Here for example are some observations regarding challenging dynamics in the political system:

  • “Even when enacted, reforms make no difference. It’s the [Steve] Teles thesis: so long as the mobilized political elite is polarized, they can (and do) capture or co-opt any reform to preserve their advantages.”
  •  “Mobilizing moderates pushes them further to the poles”
  • “Polarization has continued to spread from Congress down to the states, making it unrealistic to think we can attain state-level reform”
  • “Citizenry is becoming polarized but our work fails to address; approach is too elite”
  • “Millennials drop out / civic engagement collapses”
  • “Journalism biz model collapses = no watchdog function and decreased citizen engagement”

There is clearly a lot here for us to chew on, especially with respect to the relationship between the civic engagement (or lack thereof) of citizens at the grassroots level and the quality of representation in Congress.

Even more telling were the challenges the group flagged regarding capacity—of our grantees, the philanthropic sector, and ourselves:

  • “Spread bet approach will not lead to sufficient grantee or strategy cohesion so that the sum is greater than the parts”
  •  “Even if experimental grants show something works, the pathways and infrastructure needed for scaling them enough to gain traction are not plausible”
  • “Funding (writ large) has increased, but it is not aligned and is exacerbating polarization”
  • “Funders can’t agree on anything!”
  • “The Initiative lacked the flexibility to pivot to new priorities and missed an opportunity to support the ‘true’ solution to polarization”
  • “No anchor grantees emerge b/c we are too busy to proactively help build the field”

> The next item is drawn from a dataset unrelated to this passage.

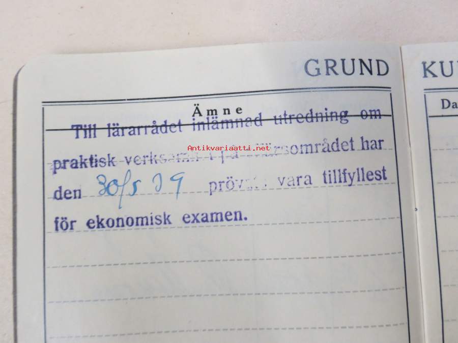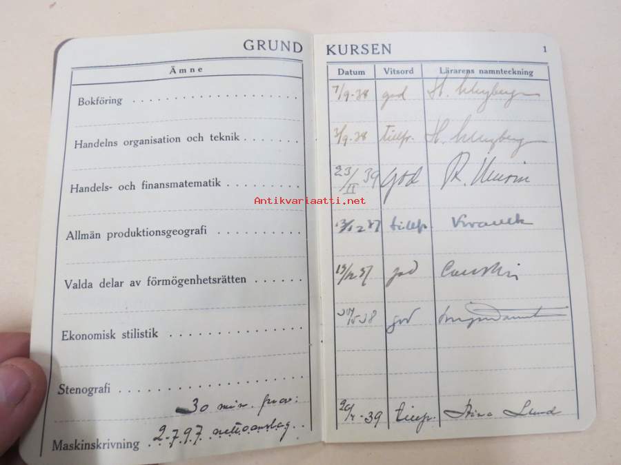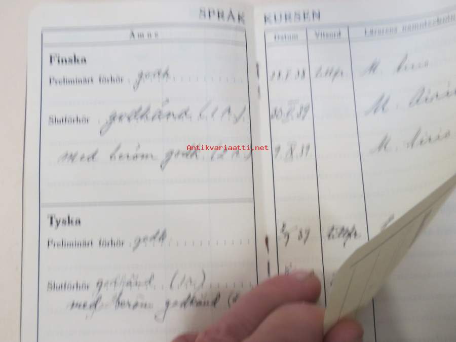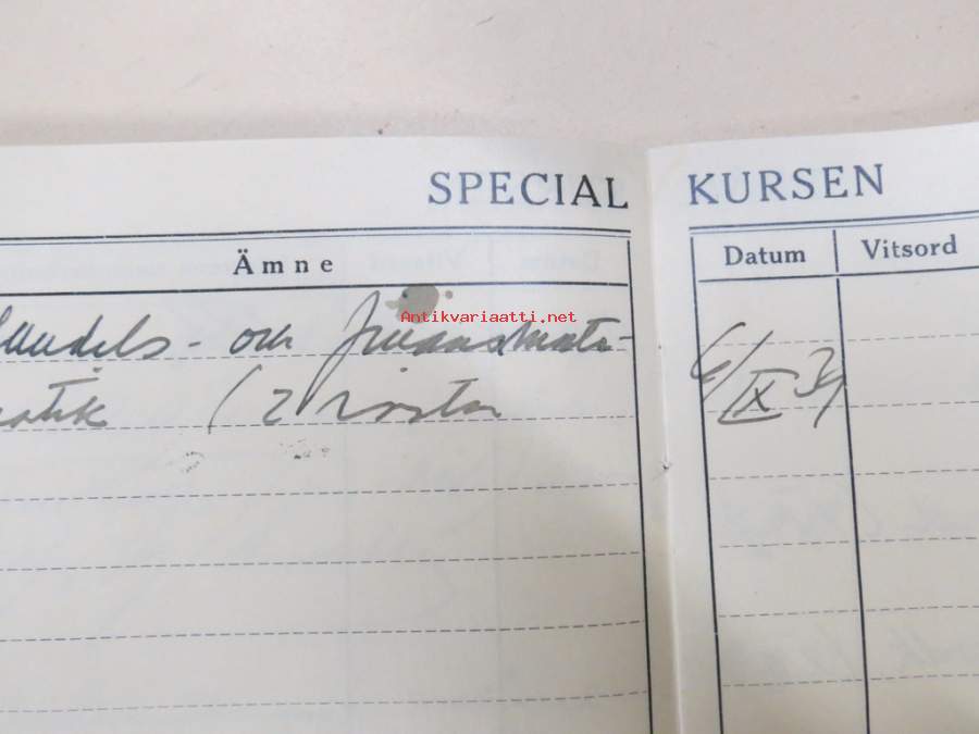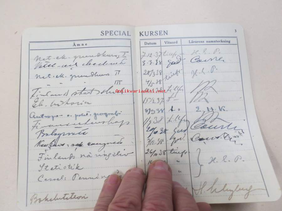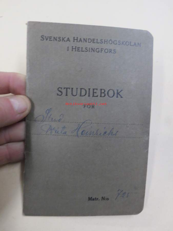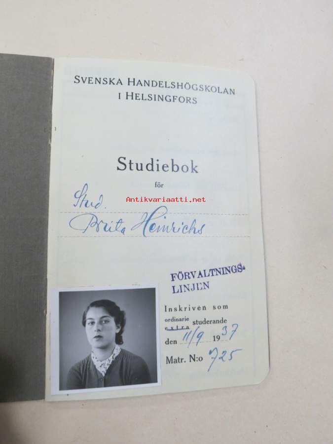 Svenska Handelshögskolani Helsingfors Studiebok för Studeranden Brita Heinrichs, matrikelnummer 725, 1937 -opintokirja

What was interesting about this bundle of capacity issues was that the sub-set of the group we had charged with developing the positive, high impact scenario had identified several developments that were effectively mirror images of the “failure“ group on this dimension, e.g.:

  • “Marshaled political scientists at leading academic centers to focus work on solving key problems of democracy and they have firmed up what is possible”
  • “Strong evidence for success in building capacity and creating ‘fields’ in current ‘gap’ areas”
  • “Successful grants that strengthen and grow early stage orgs / programs”
  • “Developed productive alliances with foundations on right and left concerned about health of democracy”
  • “Initiative brings and creates more collaboration w/in phil. sector in the same strategic directions; goal of shared tools, taxonomy, spirit is met with enthusiasm.”
  •  “Took advantage of blue chip developmental evaluators to learn and course correct our strategy (and inform field along the way)”

I thus came away from this exercise determined to focus more clearly on questions of institutional capacity—for current and potential grantees, to be sure, but also for the community of funders and, not least, ourselves.

I cannot begin to fully summarize a half-day’s work in a few bullets, but I wanted to give you a sense for at least some of the issues we are talking about. Feel free to refer back to this post in three years to review what we got right and what we may have missed or over-emphasized. I know I will! In the meantime, please add your input to our premortem in the comments box below.